シャンと伸びた背筋。正しい姿勢で正座するその姿は、着物を着ていても不思議がないくらいに気品がある。
洗礼されたその佇まいは、芯通った強さを思わせる一本の白百合のよう。
その姿のまま美寧は微動だにせず、ただじっと仏壇を見つめていた。

仏壇には、朝美寧が飾った花と怜が作ったいなり寿司が供えられている。
その向こうには怜の両親の写真。そして香炉と花立ての間に、美寧の祖父の写真が小さな写真たてで飾られている。
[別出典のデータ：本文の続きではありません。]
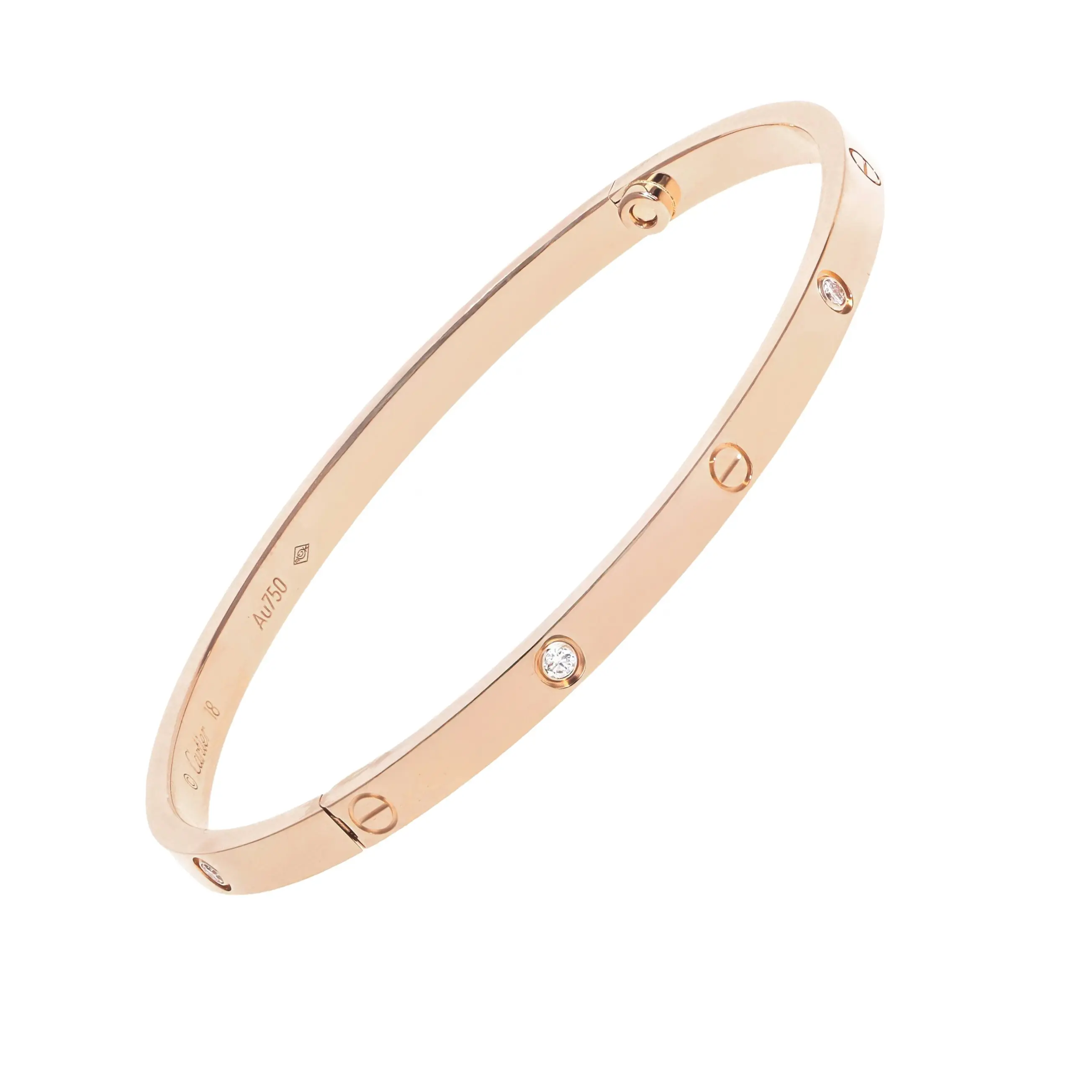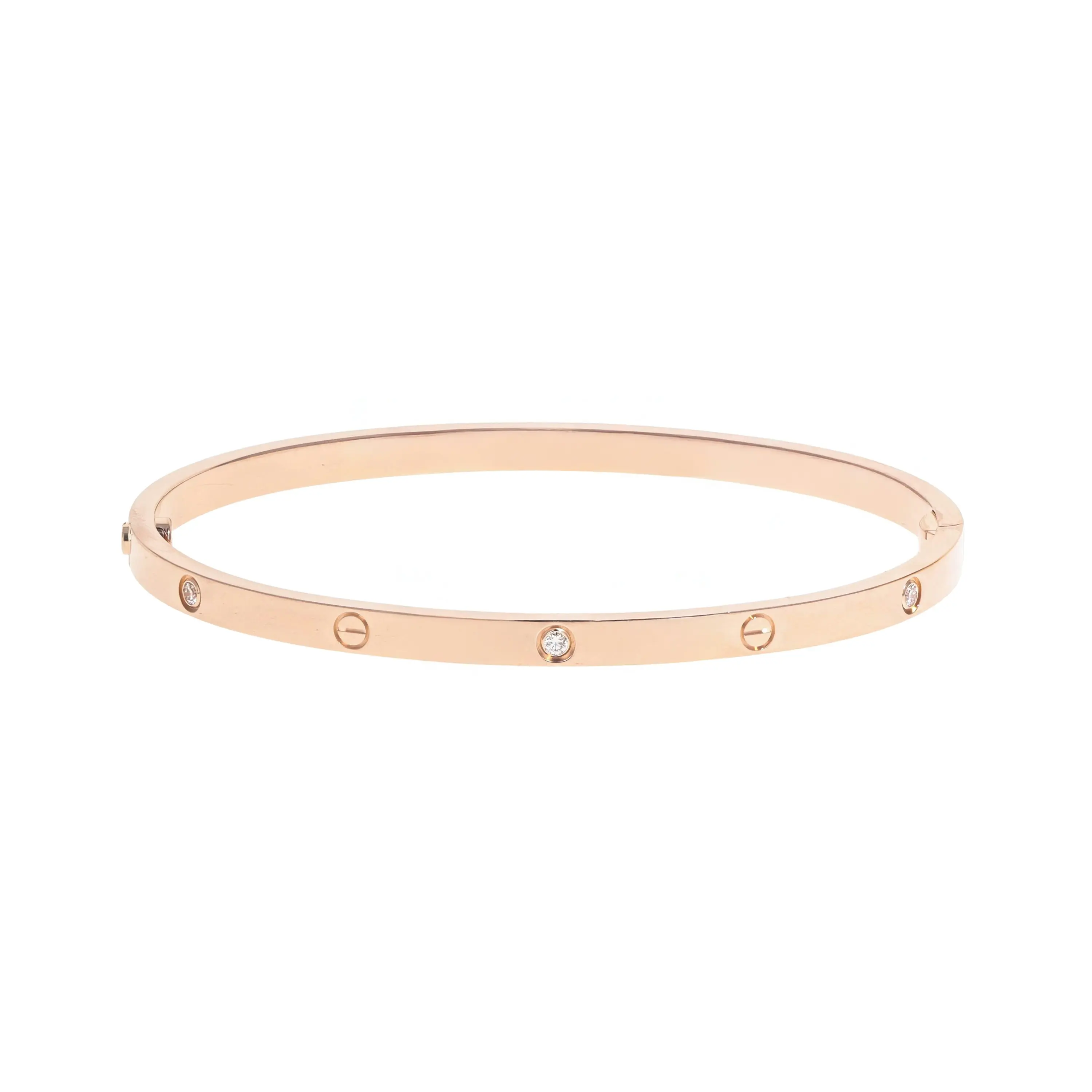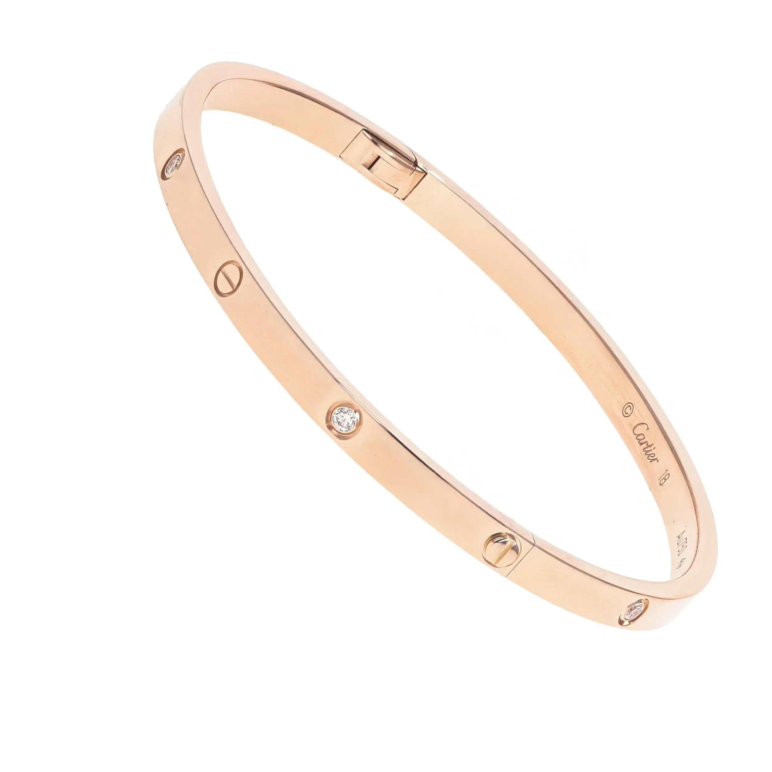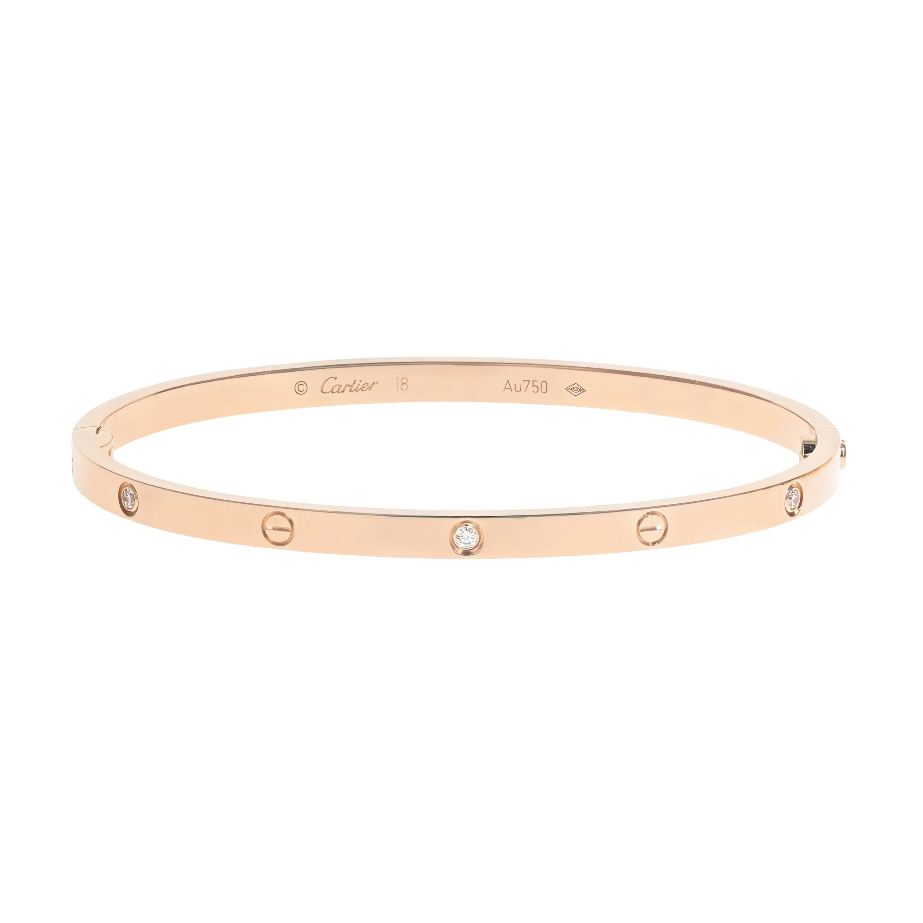 Pre-owned Cartier 18k rose gold and diamond bangle bracelet from the Love collection. This small model bangle features the signature screw design alternating with six bezel-set round brilliant diamonds. The bracelet is secured with a hidden screw clasp and is a size 18.

(おじいさま……わたし初めて誰かを守りたいと思いました)

これまで守られてばかりだった自分が、初めて守りたいと思ったひと―――

(れいちゃんはいつも私の涙を拭いてくれるけど、私だってれいちゃんの涙を拭いてあげたい。守られるばかりじゃなくて守りたい)

彼が寂しいとか悲しいとか、そんな時がこれからもしあるとしたら、その時彼の隣に居てその心に寄り添いたい。ぎゅっと抱きしめたい。
そしてその役目を他の誰にも譲りたくないと思うのだ。

(これって、私がれいちゃんのことを好き、てことだよね?)

自分の心に問う。

(ううん、好きよりもっと………)

瞳を閉じて怜の微笑みを思い出す。
それだけで美寧の体の真ん中がぼわっと温かくなった。

そっと瞼を持ち上げ目線を上げる。

(れいちゃんのお父さまとお母さま……お二人に誓います。私、ちゃんとれいちゃんに自分の気持ちを伝えます)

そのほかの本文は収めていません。